Às Autoridades Municipais, Estaduais, Federais e aos Organismos Internacionais

COMUNICADO DE INTERESSE PÚBLICO SOBRE A GRAVIDADE DA SITUAÇÃO NO MÉDIO ARAGUAIA PROVOCADA PELOS AGROTÓXICOS E SEU MODELO DE DESENVOLVIMENTO

1 ­ Nós, Ãpaniekra (Kanela), Apyãwa (Tapirapé), A’uweUptabi (Xavante), Iny (Karajá), Quilombolas, Retireiros, Pescadores, reunidas e reunidos no Primeiro Encontro sobre Agrotóxicos e seus impactos sobre as populações tradicionais do Médio Araguaia realizado entre os dias 18, 19 e 20 dezembro de 2015 na cidade de Porto Alegre do Norte – MT, depois de debatermos e analisarmos os efeitos que vêm sendo provocados pela expansão/invasão das monoculturas principalmente de soja em nossa região, nos vemos obrigados a denunciar à sociedade a gravíssima e dramática situação que vem nos atingindo diretamente e cujas consequências afetam e afetarão cada vez mais a todos e todas que vivem em nossa região.

2 ­ Nosso comunicado se baseia na experiência vivida e sofrida em nossas comunidades e em nossas famílias. Nossos corpos trazem as marcas desse modelo em sua saúde. Vimo­nos obrigadas e obrigados a fazer esse comunicado pelo silêncio do poder público e dos grandes meios de comunicação diante da gravidade dessa situação e o fazemos movidos pelos mais profundos sentimentos de irmandade e de interesse público. Por maiores que sejam as eventuais divergências que temos sobre o atual modelo de desenvolvimento que vem sendo imposto à região, que sabemos existem e são grandes, nos move os sentimentos mais profundos de amor ao próximo e à vida, até porque o ar e a água poluídos não só matam e adoecem nossos filhos e familiares, mas também os filhos e demais familiares daqueles que pensam e agem movidos pelo imediatismo e pensando sobretudo em suas contas bancárias.
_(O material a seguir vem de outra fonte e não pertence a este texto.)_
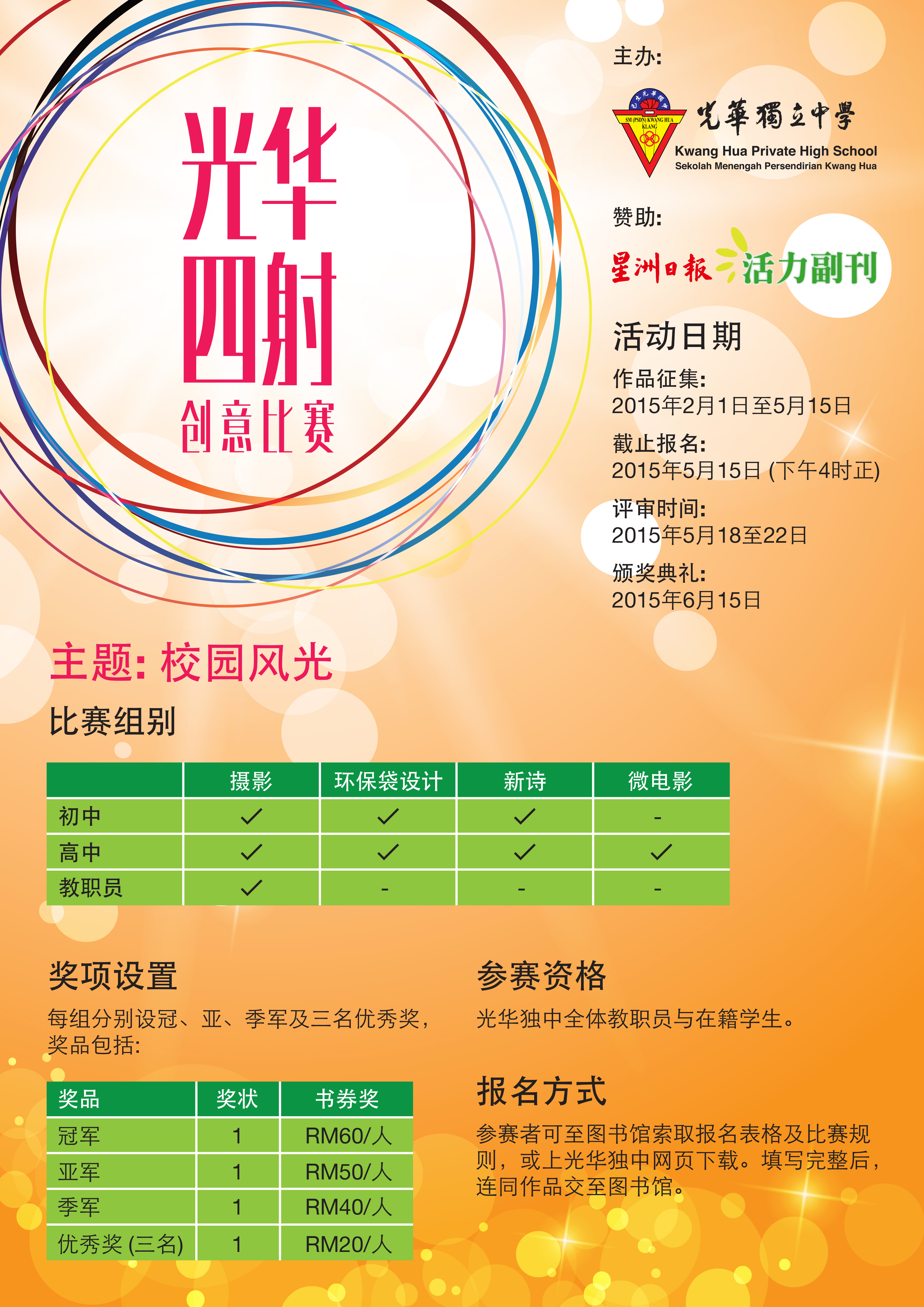 由资源处主办、星洲日报活力副刊赞助的2015年光华四射创意比赛从2月1日起开始征件,截止日期为5月15日下午4时正。

3 ­ Nós, comunidades quilombolas, pescadoras, camponesas e indígenas temos sido as principais vítimas dessa expansão. Em 2015, no município de Canabrava do Norte, MT, em apenas uma semana, sete mulheres grávidas abortaram, levantando a suspeita de que os casos possam ter relação com a pulverização de agrotóxicos, o que exige a necessária investigação pelas autoridades de saúde naquele município. Convidamos cada homem e mulher de boa­ fé a visitar os Postos de Saúde e Hospitais de nossa região, particularmente nos dias em que são pulverizados no ar as substâncias químicas que concretamente nos trazem danos à saúde. Sabemos disso porque sentimos na pele seus efeitos práticos

4 ­ Os agrotóxicos que vêm sendo lançados nas monoculturas em todos os municípios de nossa região estão afugentando os pássaros, insetos e demais animais que, não mais encontrando o alimento que sempre encontraram com facilidade, hoje só o encontram em nossas roças ou em nossas matas, diminuindo nossa produção, nossas colheitas. Não temos mais abundância e diversidade das frutas. Lamentavelmente as monoculturas que invadem nossa região não só não favorecem os nossos mercados locais como vem impedindo que nós continuemos a fazer nossa agricultura saudável. O veneno está em nossa mesa!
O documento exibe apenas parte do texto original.